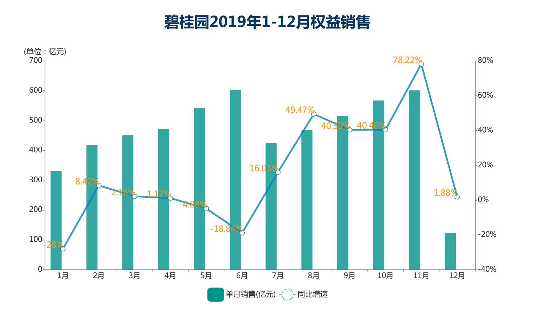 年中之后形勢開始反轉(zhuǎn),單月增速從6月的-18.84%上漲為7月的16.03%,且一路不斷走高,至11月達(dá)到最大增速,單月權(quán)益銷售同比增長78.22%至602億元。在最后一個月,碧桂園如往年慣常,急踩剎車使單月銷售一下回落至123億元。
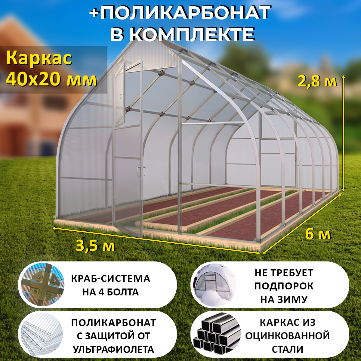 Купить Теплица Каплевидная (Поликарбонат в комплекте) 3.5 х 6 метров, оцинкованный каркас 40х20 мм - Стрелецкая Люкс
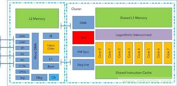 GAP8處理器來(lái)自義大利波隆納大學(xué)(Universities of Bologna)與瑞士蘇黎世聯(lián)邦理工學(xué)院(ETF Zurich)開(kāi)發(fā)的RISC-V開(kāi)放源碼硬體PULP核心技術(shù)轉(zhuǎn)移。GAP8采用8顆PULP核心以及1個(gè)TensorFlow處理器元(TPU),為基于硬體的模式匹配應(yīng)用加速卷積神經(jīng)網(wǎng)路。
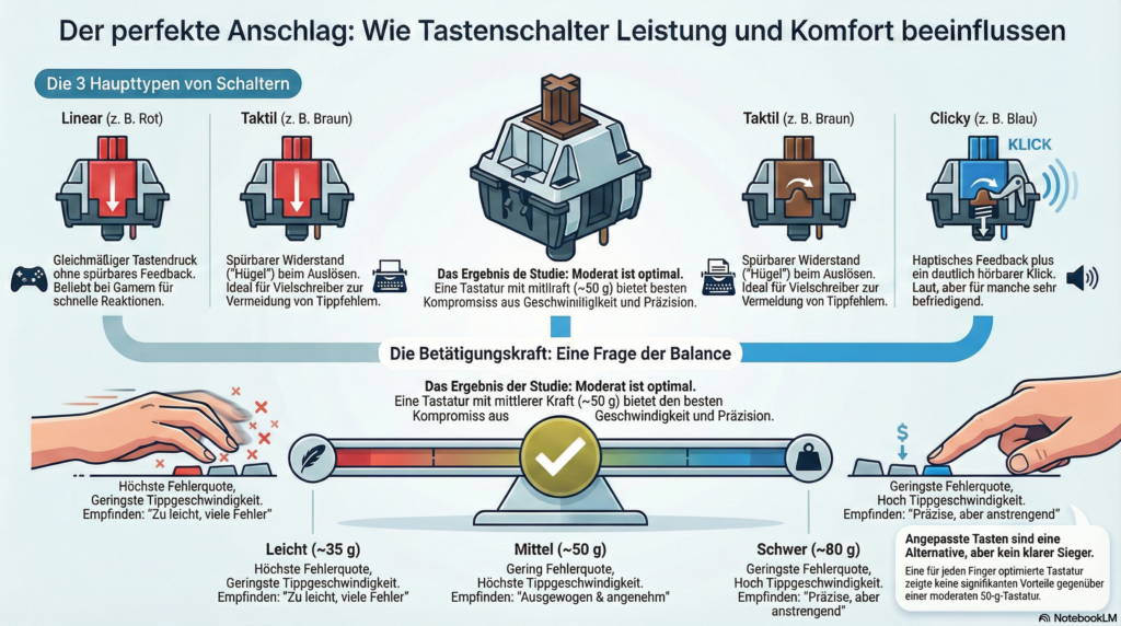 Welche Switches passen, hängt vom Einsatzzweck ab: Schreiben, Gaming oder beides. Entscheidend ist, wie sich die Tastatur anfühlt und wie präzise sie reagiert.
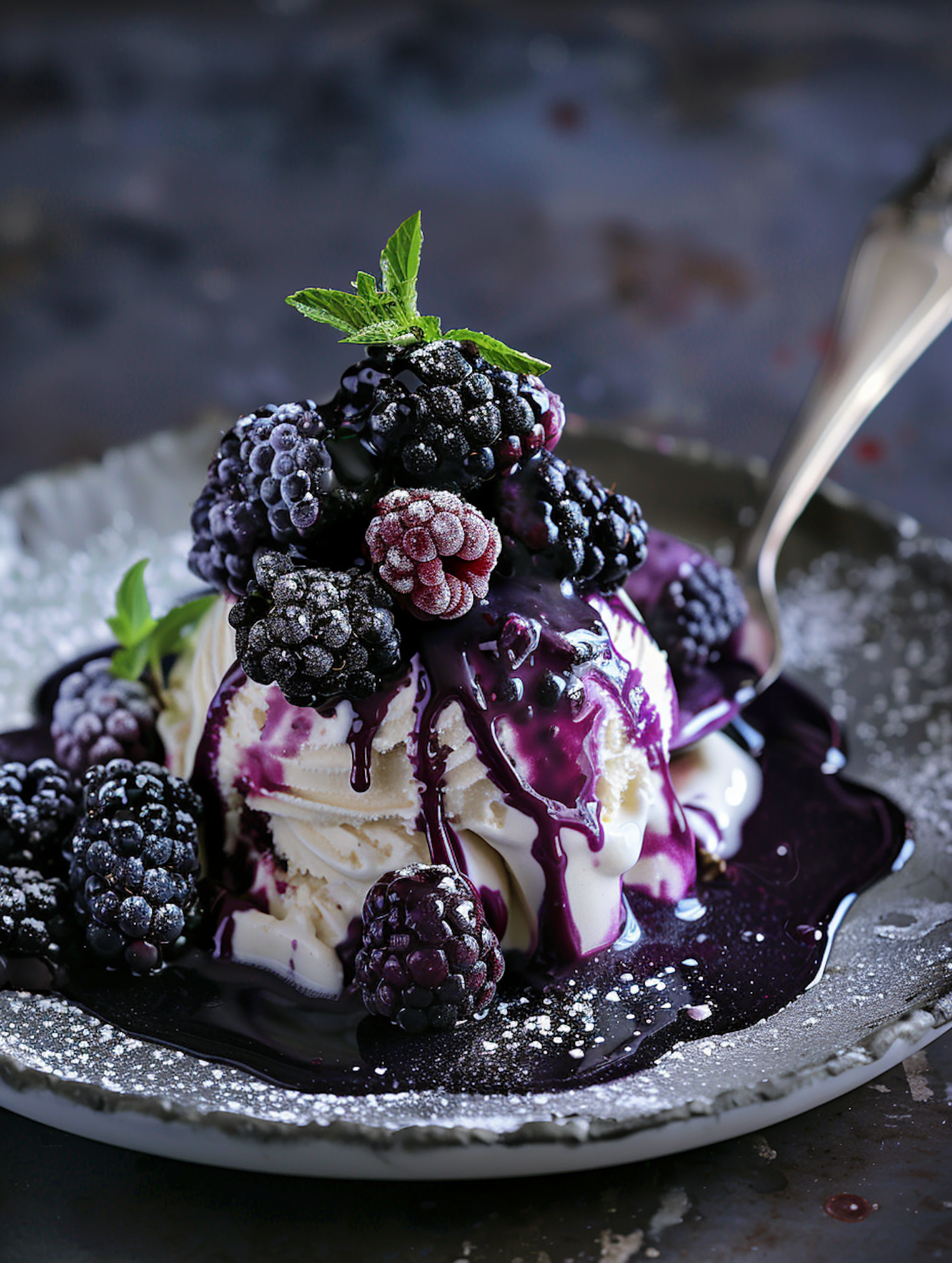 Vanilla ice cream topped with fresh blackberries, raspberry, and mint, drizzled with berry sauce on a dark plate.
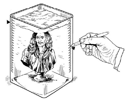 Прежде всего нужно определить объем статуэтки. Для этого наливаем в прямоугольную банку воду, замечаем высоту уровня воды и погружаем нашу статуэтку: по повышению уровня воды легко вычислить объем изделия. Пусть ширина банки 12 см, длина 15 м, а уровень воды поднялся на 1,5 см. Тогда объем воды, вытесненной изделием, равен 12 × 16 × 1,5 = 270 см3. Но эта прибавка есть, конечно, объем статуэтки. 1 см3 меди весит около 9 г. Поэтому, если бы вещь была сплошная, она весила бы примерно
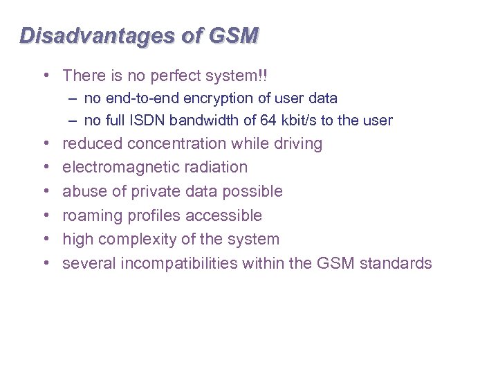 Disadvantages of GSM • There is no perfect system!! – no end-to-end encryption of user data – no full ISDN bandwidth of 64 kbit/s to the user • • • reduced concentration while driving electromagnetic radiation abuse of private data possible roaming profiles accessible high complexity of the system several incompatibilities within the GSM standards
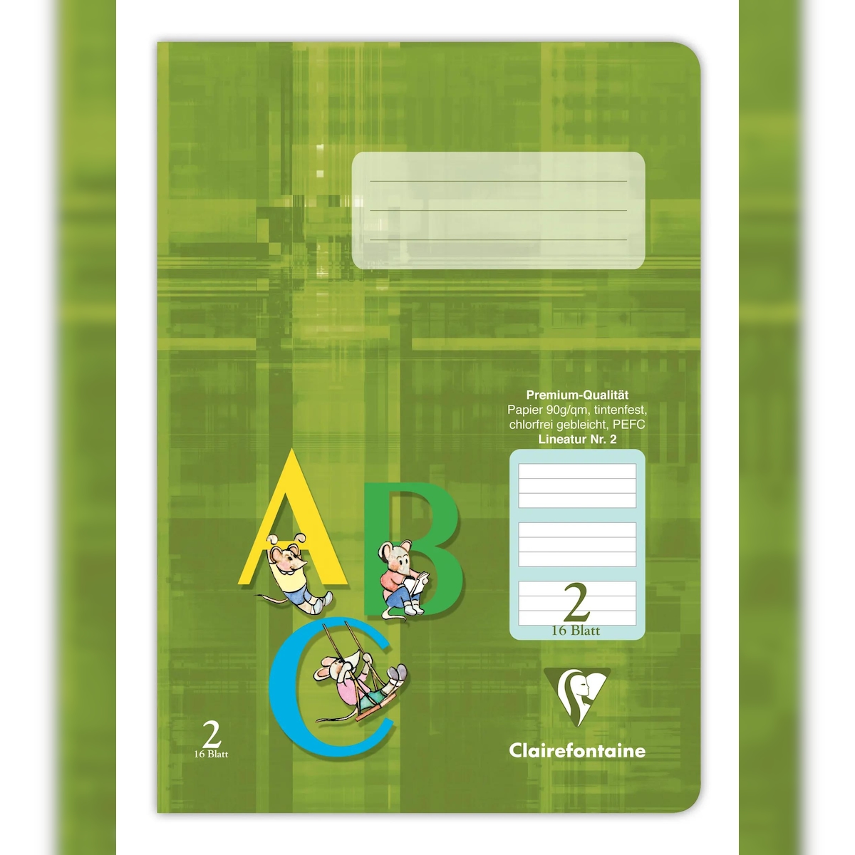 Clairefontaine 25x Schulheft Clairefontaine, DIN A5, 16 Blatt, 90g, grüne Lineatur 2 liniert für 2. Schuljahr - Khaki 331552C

- TASK ITEM -
Reproduce the material exactly; omit the pictures.

- WRITTEN RESPONSE -
 年中之后形勢開始反轉(zhuǎn),單月增速從6月的-18.84%上漲為7月的16.03%,且一路不斷走高,至11月達(dá)到最大增速,單月權(quán)益銷售同比增長78.22%至602億元。在最后一個月,碧桂園如往年慣常,急踩剎車使單月銷售一下回落至123億元。
 Купить Теплица Каплевидная (Поликарбонат в комплекте) 3.5 х 6 метров, оцинкованный каркас 40х20 мм - Стрелецкая Люкс
 GAP8處理器來(lái)自義大利波隆納大學(xué)(Universities of Bologna)與瑞士蘇黎世聯(lián)邦理工學(xué)院(ETF Zurich)開(kāi)發(fā)的RISC-V開(kāi)放源碼硬體PULP核心技術(shù)轉(zhuǎn)移。GAP8采用8顆PULP核心以及1個(gè)TensorFlow處理器元(TPU),為基于硬體的模式匹配應(yīng)用加速卷積神經(jīng)網(wǎng)路。
 Welche Switches passen, hängt vom Einsatzzweck ab: Schreiben, Gaming oder beides. Entscheidend ist, wie sich die Tastatur anfühlt und wie präzise sie reagiert.
 Vanilla ice cream topped with fresh blackberries, raspberry, and mint, drizzled with berry sauce on a dark plate.
 Прежде всего нужно определить объем статуэтки. Для этого наливаем в прямоугольную банку воду, замечаем высоту уровня воды и погружаем нашу статуэтку: по повышению уровня воды легко вычислить объем изделия. Пусть ширина банки 12 см, длина 15 м, а уровень воды поднялся на 1,5 см. Тогда объем воды, вытесненной изделием, равен 12 × 16 × 1,5 = 270 см3. Но эта прибавка есть, конечно, объем статуэтки. 1 см3 меди весит около 9 г. Поэтому, если бы вещь была сплошная, она весила бы примерно
 Disadvantages of GSM • There is no perfect system!! – no end-to-end encryption of user data – no full ISDN bandwidth of 64 kbit/s to the user • • • reduced concentration while driving electromagnetic radiation abuse of private data possible roaming profiles accessible high complexity of the system several incompatibilities within the GSM standards
 Clairefontaine 25x Schulheft Clairefontaine, DIN A5, 16 Blatt, 90g, grüne Lineatur 2 liniert für 2. Schuljahr - Khaki 331552C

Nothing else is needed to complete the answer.